__WORK ORDER__
Only the lines from the one with "Ultimately, it is" through the final line below belong in the answer, copied exactly and without pictures.

__RECORDS TO PROCESS__
• • • • • • •
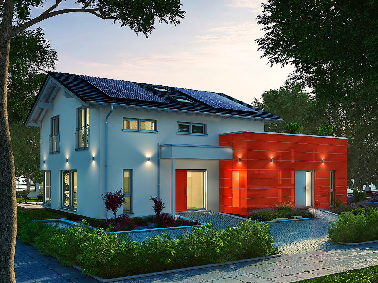 Wer für alle Eventualitäten gewappnet sein will, ist hier gut bedient. Das zweigeschossige Haupthaus wird durch das 43 qm-große Studioapartment räumlich und optisch erweitert: ob Home-Office, Ausweichplatz für heranwachsende Teenager, barrierefreies Wohnen… unser AktivPlus-Haus hat es in sich.
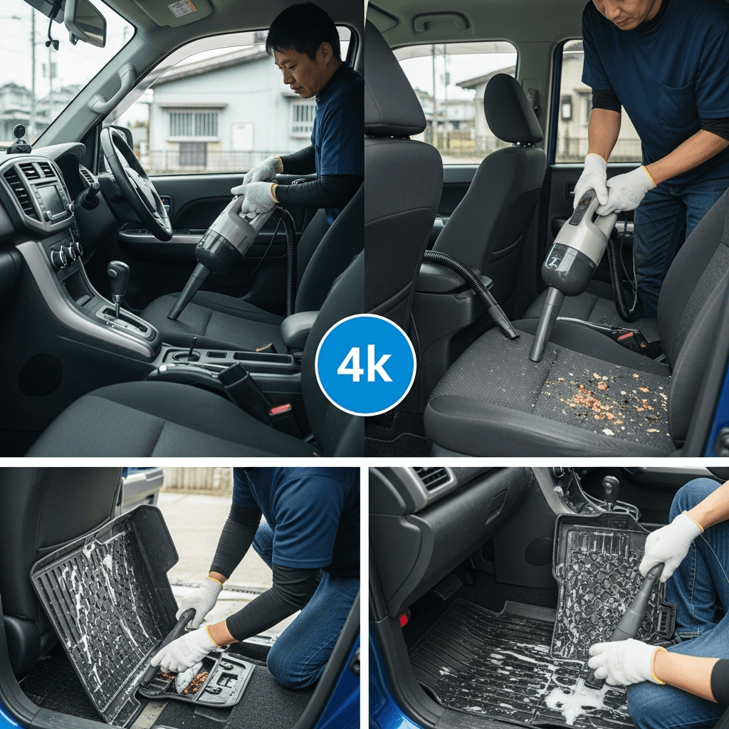 ディアスワゴンは第一印象が査定の8割を決めます。シート隙間のゴミ除去、マット洗浄、樹脂パーツ艶出しで新車級の清潔感に。特に臭いゼロなら「禁煙車」扱いで+5~8万円UP。
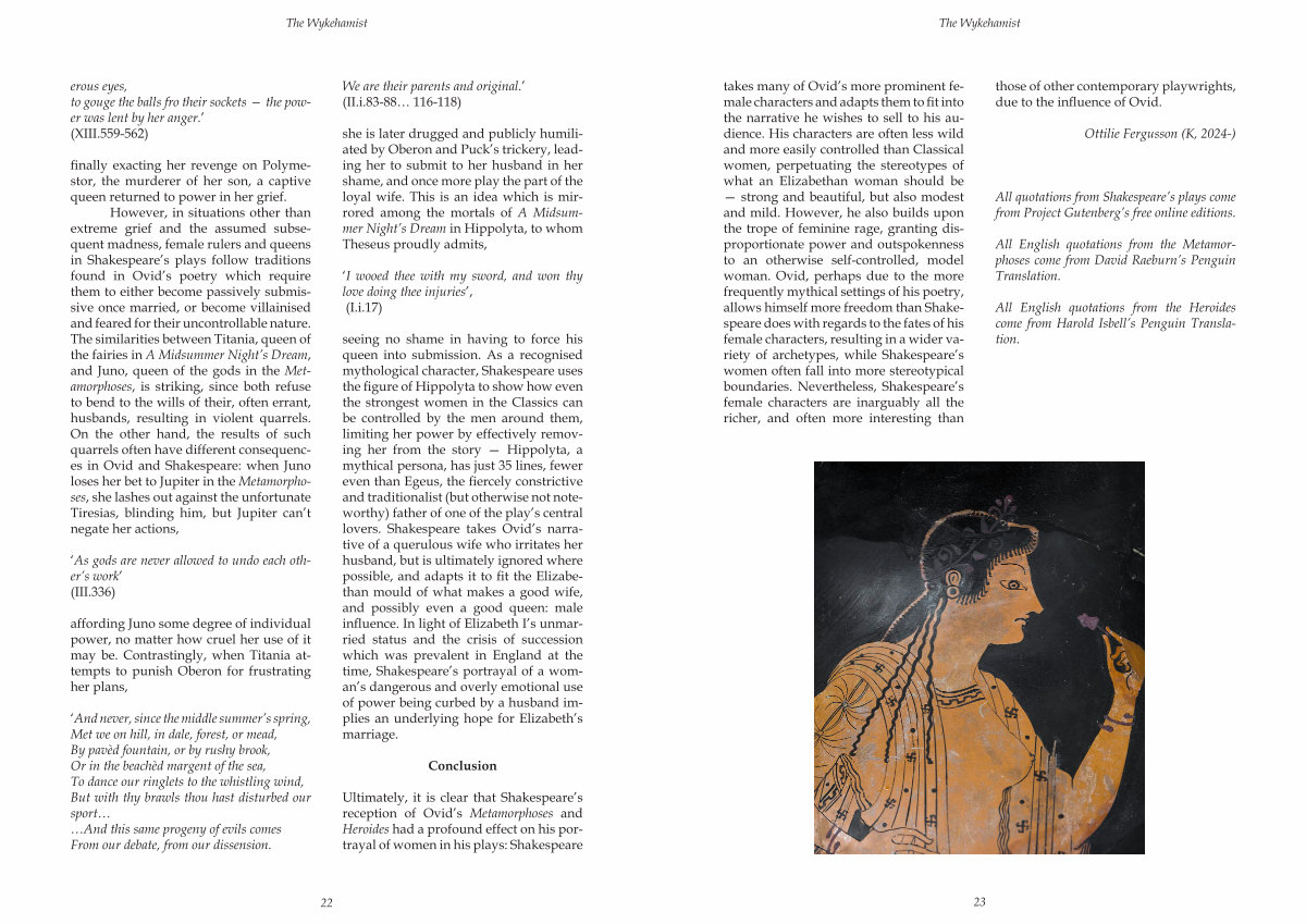 Ultimately, it is clear that Shakespeare’ s reception of Ovid’ s Metamorphoses and Heroides had a profound effect on his portrayal of women in his plays: Shakespeare
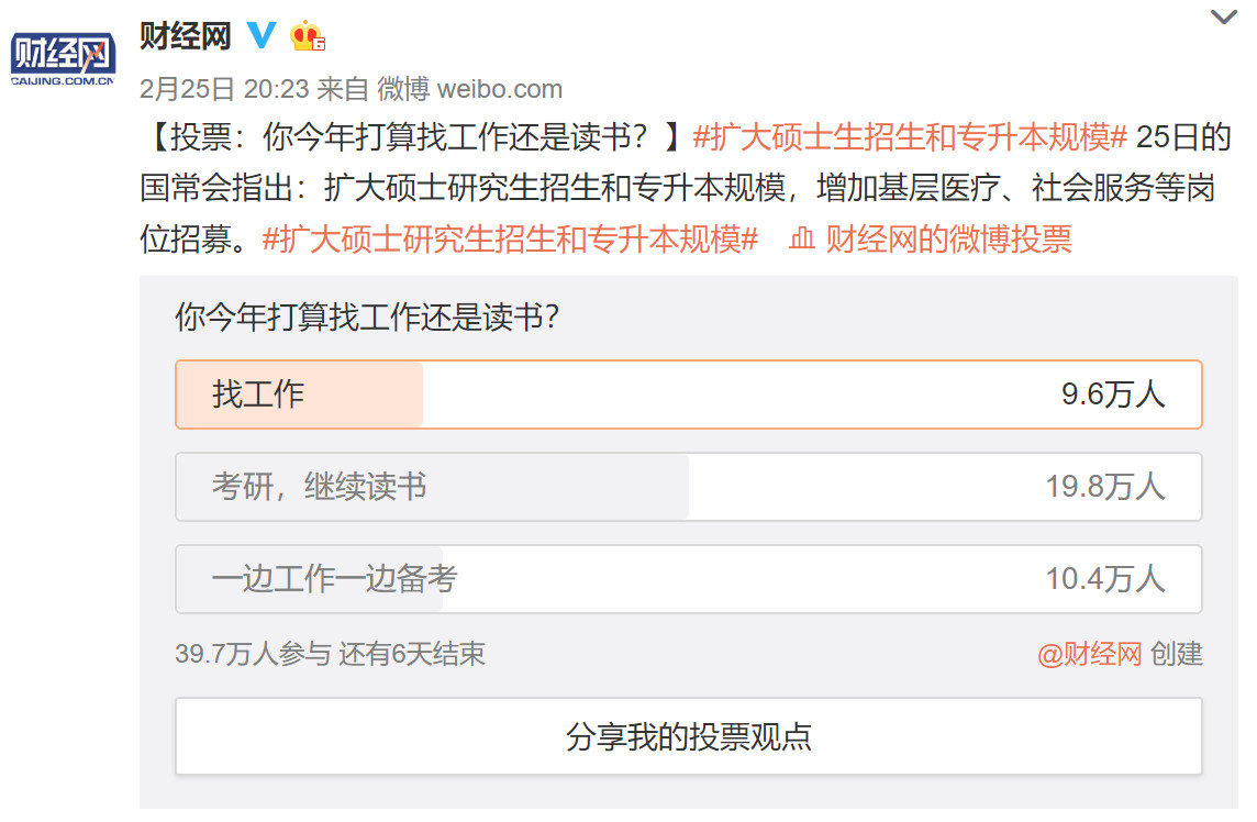 就今年的形勢(shì),擴(kuò)招研究生無(wú)疑是一個(gè)好的舉措,在一定程度上能夠緩解就業(yè)壓力。根據(jù)財(cái)經(jīng)網(wǎng)的調(diào)查顯示,確實(shí)有76%的參與者表示更加愿意繼續(xù)提升學(xué)歷水平,然后再選擇就業(yè)。
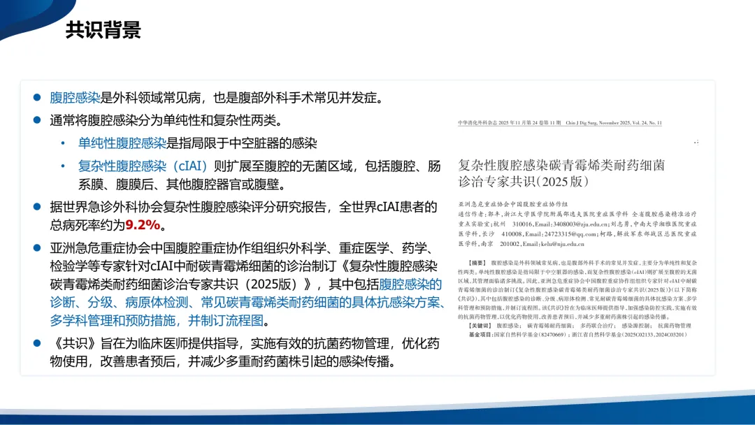 据世界急诊外科协会复杂性腹腔感染评分研究报告,全世界cIAI患者的总病死率约为9.2%。
• • • • • • •
__TASK SOLUTION__
 Ultimately, it is clear that Shakespeare’ s reception of Ovid’ s Metamorphoses and Heroides had a profound effect on his portrayal of women in his plays: Shakespeare
 就今年的形勢(shì),擴(kuò)招研究生無(wú)疑是一個(gè)好的舉措,在一定程度上能夠緩解就業(yè)壓力。根據(jù)財(cái)經(jīng)網(wǎng)的調(diào)查顯示,確實(shí)有76%的參與者表示更加愿意繼續(xù)提升學(xué)歷水平,然后再選擇就業(yè)。
 据世界急诊外科协会复杂性腹腔感染评分研究报告,全世界cIAI患者的总病死率约为9.2%。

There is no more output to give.